Aslında Obama’yı bu coğrafyada ‘eller üstünde’ tutmaya yeten ailevi bağı ve ten rengi dışında, dört yılı gibi kısa bir süre de olsa ilköğrenim sıralarında Endonezya değerlerine aşina olacak bir süreci tecrübe etmesiydi. Benzer bir algılamanın Doğu ve Güneydoğu Asya özelinde de gerçekleştiği ileri sürülebilir. Bunda, özellikle, Amerika’nın Asya açılımının onun dönemine rast gelmesi de yabana atılamayacak bir gerçek. Çin’le kurulmaya çalışılan yakınlaşmalar kadar Güney Çin Denizi üzerinden  bölge ülkelerinin ABD’yi yardıma çağırışları, Myanmar’a yaptırımların kaldırılması, ASEAN’la ilişkilerin ekonomik ve siyasi alanda giderek daha cazibe haline gelmesi sayılabilir. Fazla değil, seçimlerden birkaç hafta sonra Vietnam’ın başkenti Kamboçya’nın başkenti Phnom Penth’de yapılacak Doğu Asya Zirvesi vesilesiyle uğrayacağı bu topraklarda Tayland ve Myanmar’a da resmi ziyaretleri yapacak olması, bölge üzerindeki çalışmaların hız kesmeden devam edeceğini ortaya koyuyor. Bu ve benzeri ziyaretler aslında ABD’nin bölge ülkeleri ile ittifak girişimlerininin güçlü ayak izleri anlamına geliyor.

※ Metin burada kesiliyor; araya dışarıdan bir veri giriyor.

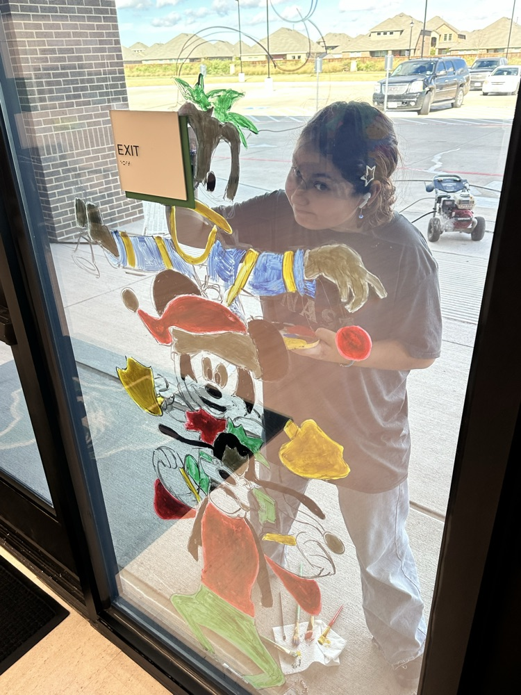 Mrs. Gandy and our High School Art students spent 6 or 7 hours adding holiday magic to Kirkpatrick Elementary! They helped brighten the campus with festive artwork just in time for students to return to a little Christmas spirit. 🎄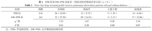 First-line drug-resistant profile between pulmonary tuberculosis patients with and without diabetes

Endonezya ve Malezya bağlamında Obama’nın öneminin ekonomi ve siyasi yönelimleri kadar dini içeriğinin de güçlü bir yer tuttuğu söylenebilir. Bu bağlamda, her iki ülke liderinin de dillendirmekten haz aldıkları ülkelerinin toplumsal yapılarına atfen ‘farklılıkta birlik’ söylemi, Amerika’dan gelecek olası bir siyasi tazyiki önleyici işlevi görmesi kadar, bir ‘çağrı’ niteliği de taşıyor. Sorunu kendi topraklarında hallettikleri argümanıyla hareket eden bu ülke siyasetçileri, ABD’nin gerek bölgede gerekse küresel plânda Müslümanları konu alan projelerde bir ortaklık arzusunu dillendiriyorlar. Örneğin, Malezya Başbakanı’nın 2010 yılında ABD ziyareti sırasında dillendirdiği ‘ılımlı İslam’ söylemi ABD tarafından ilgiyle karşılansa da, pratikte nasıl bir işbirliğine gidilebileceği konusunda zamana ihtiyaç var.